Supplied material START
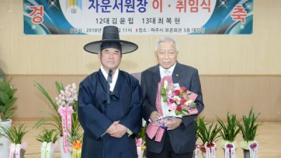 제13대 최복현 자운서원장 취임식 열려 - 2018년은‘자운서원 재건의 해’ 파주시는 16일 보훈회관 대강당에서 제12대 김윤립 자운서원장의 이임식과 제13대 최복현 자운서원장의 취임식이 열렸다고 밝혔다. 최복현 자운서원장은 취임사에서 2018년을 ‘자운서원 ...
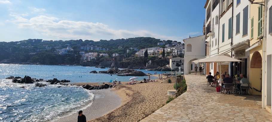 Llafranc har en lidt anden karakter end Tamariu. Hvor Tamariu føles som en lille, beskyttet lomme, åbner Llafranc sig mere mod havet med sin brede bugt og den elegante strandpromenade, der følger vandet i en blød bue. Her er stadig roligt og overskueligt, men stemningen har et strejf af klassisk badeby.
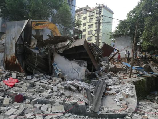 陈家湾社区辖区单位珠洲机务段郴州运用车间职工老食堂多年来未使用,房屋破损又无法拆除,严重影响市容市貌和过往市民的安全;郴州自创建以来,苏仙岭街道党工委和陈家湾社区居民委员会多方以铁路部门协调,但由于铁路部门要拆除原有房屋也要向上级请示申报;2018年7月17日-18日随着挖掘机的轰鸣声这栋失修已久的职工老食堂终于拆除。拆除后解决了过往行人的安全、道路也宽畅了很多,同时拆除后闲置的地也可用于停车场、居民休闲、绿化、健身场地等。
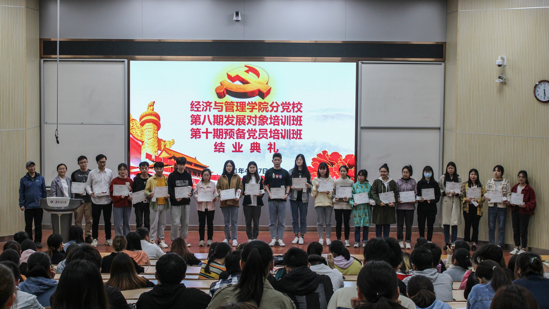 4月27日下午,经济与管理学院分党校第八期发展对象培训班、第十期预备党员培训班结业典礼在2教报告厅举行,院党委书记邬海量、院党委副书记程繁、组织员朱文明、培训班班主任及全体学员出席典礼。结业典礼由发展对象培训班班主任赵妍主持。
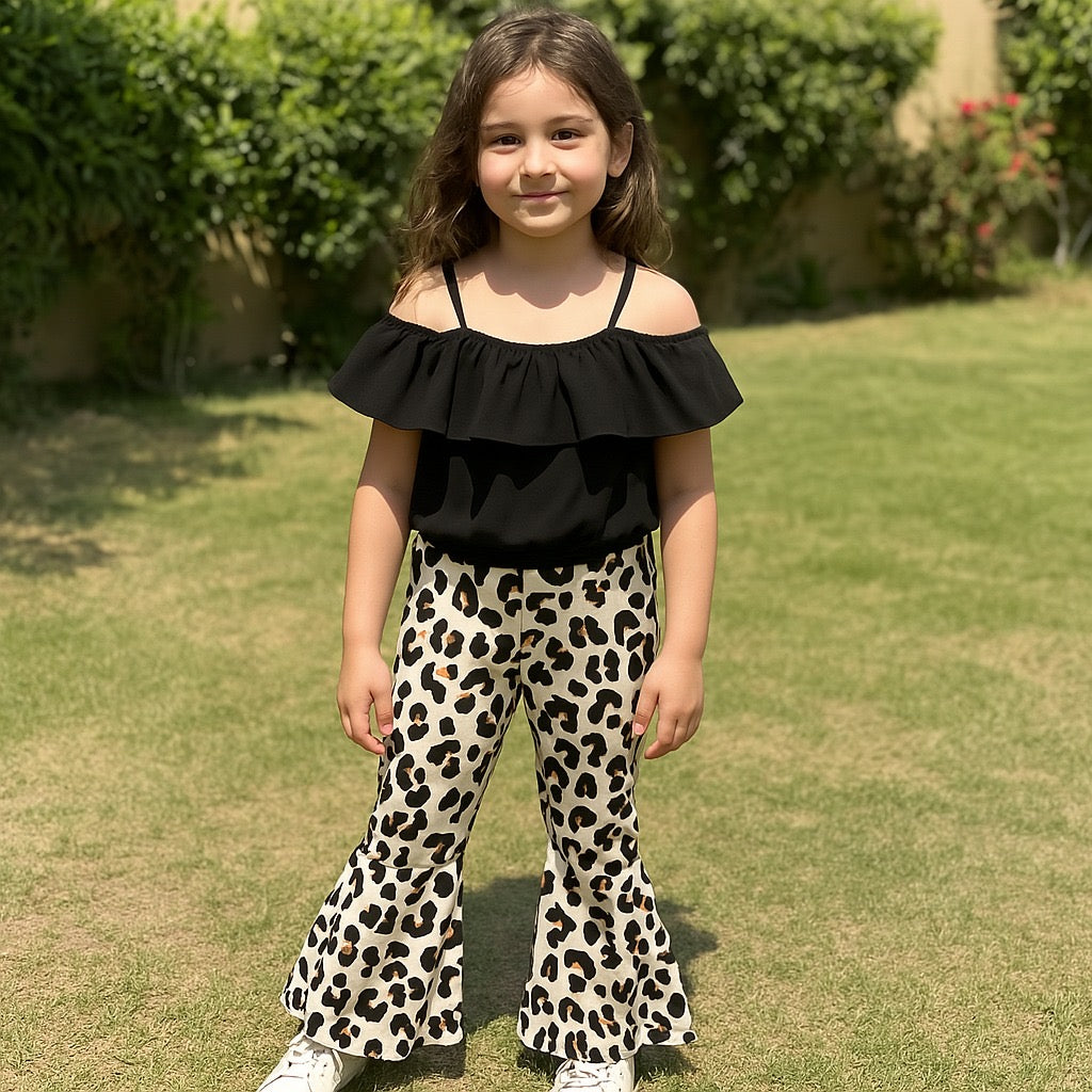 Baby girl black ruffle trim top with cheetah printed flare style pant - #SH-715
Supplied material END
» Work required: Set down, exactly as written, each line from the one that contains "陈家湾社区辖区单位珠洲机务段" to the last line of the records, but none of the pictures.

» Answer section:
 陈家湾社区辖区单位珠洲机务段郴州运用车间职工老食堂多年来未使用,房屋破损又无法拆除,严重影响市容市貌和过往市民的安全;郴州自创建以来,苏仙岭街道党工委和陈家湾社区居民委员会多方以铁路部门协调,但由于铁路部门要拆除原有房屋也要向上级请示申报;2018年7月17日-18日随着挖掘机的轰鸣声这栋失修已久的职工老食堂终于拆除。拆除后解决了过往行人的安全、道路也宽畅了很多,同时拆除后闲置的地也可用于停车场、居民休闲、绿化、健身场地等。
 4月27日下午,经济与管理学院分党校第八期发展对象培训班、第十期预备党员培训班结业典礼在2教报告厅举行,院党委书记邬海量、院党委副书记程繁、组织员朱文明、培训班班主任及全体学员出席典礼。结业典礼由发展对象培训班班主任赵妍主持。
 Baby girl black ruffle trim top with cheetah printed flare style pant - #SH-715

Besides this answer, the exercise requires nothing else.